I suggest generating your initial model using the OpenSCAD script provided here, then modifying that script according to your needs. Changing the atomScale and bondRadius values can simplify the model by removing gaps and the corresponding need for supports, or you may wish to modify the hedronDispatch() routine to select residues or chain sections for printing separately and subsequently joining with rotatable bonds. During this development phase you will likely have your version include only the data matrices generated here, by using the includeCode-False option to write_SCAD(). An example project with modifications of the script generated here is <>.

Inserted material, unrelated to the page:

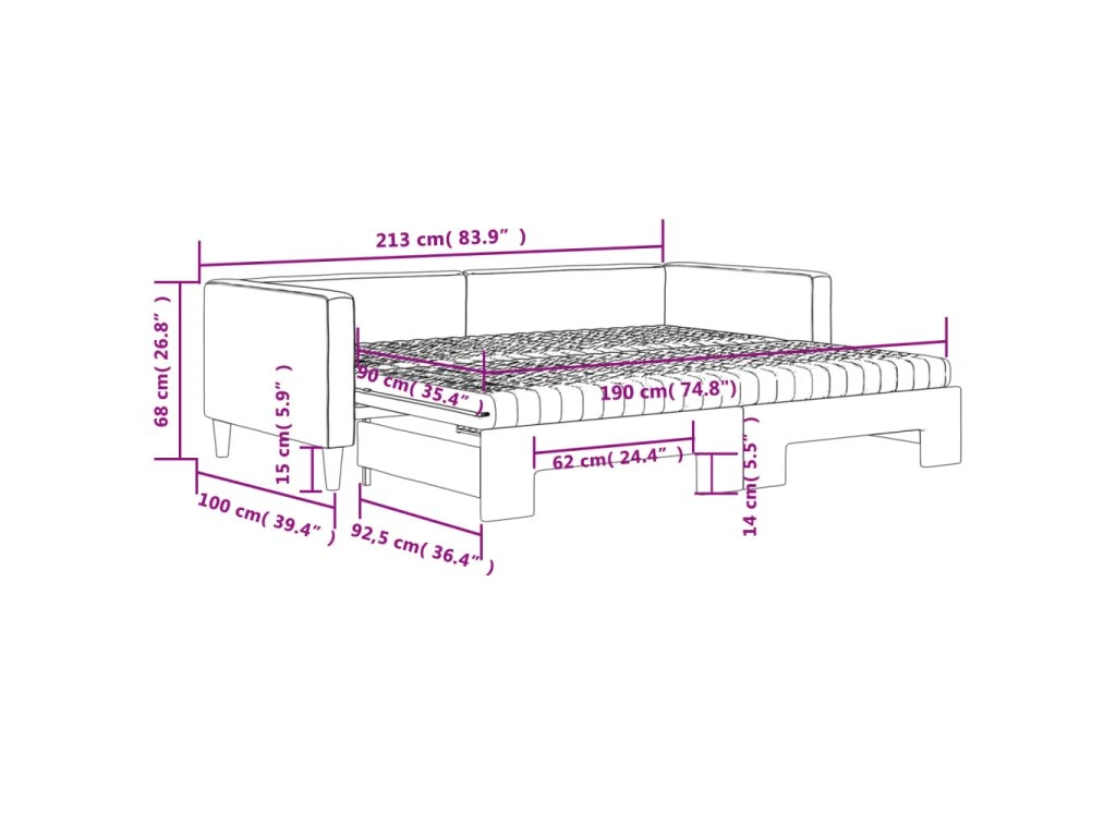 - Rozměry (nevysunuté): 213 x 100 x 68 cm (D x Š x V)

Bio.PDB.SCADIO.write_SCAD(entity, file, scale=None, pdbid=None, backboneOnly=False, includeCode=True, maxPeptideBond=None, handle='protein')

Write hedron assembly to file as OpenSCAD matrices.

This routine calls both internal_to_atom_coordinates() and atom_to_internal_coordinates() due to requirements for scaling, explicit bonds around rings, and setting the coordinate space of the output model.

Output data format is primarily:

  • matrix for each hedron:

    len1, angle2, len3, atom covalent bond class, flags to indicate atom/bond represented in previous hedron (OpenSCAD very slow with redundant overlapping elements), flags for bond features

  • transform matrices to assemble each hedron into residue dihedra sets

  • transform matrices for each residue to position in chain

OpenSCAD software is included in this Python file to process these matrices into a model suitable for a 3D printing project.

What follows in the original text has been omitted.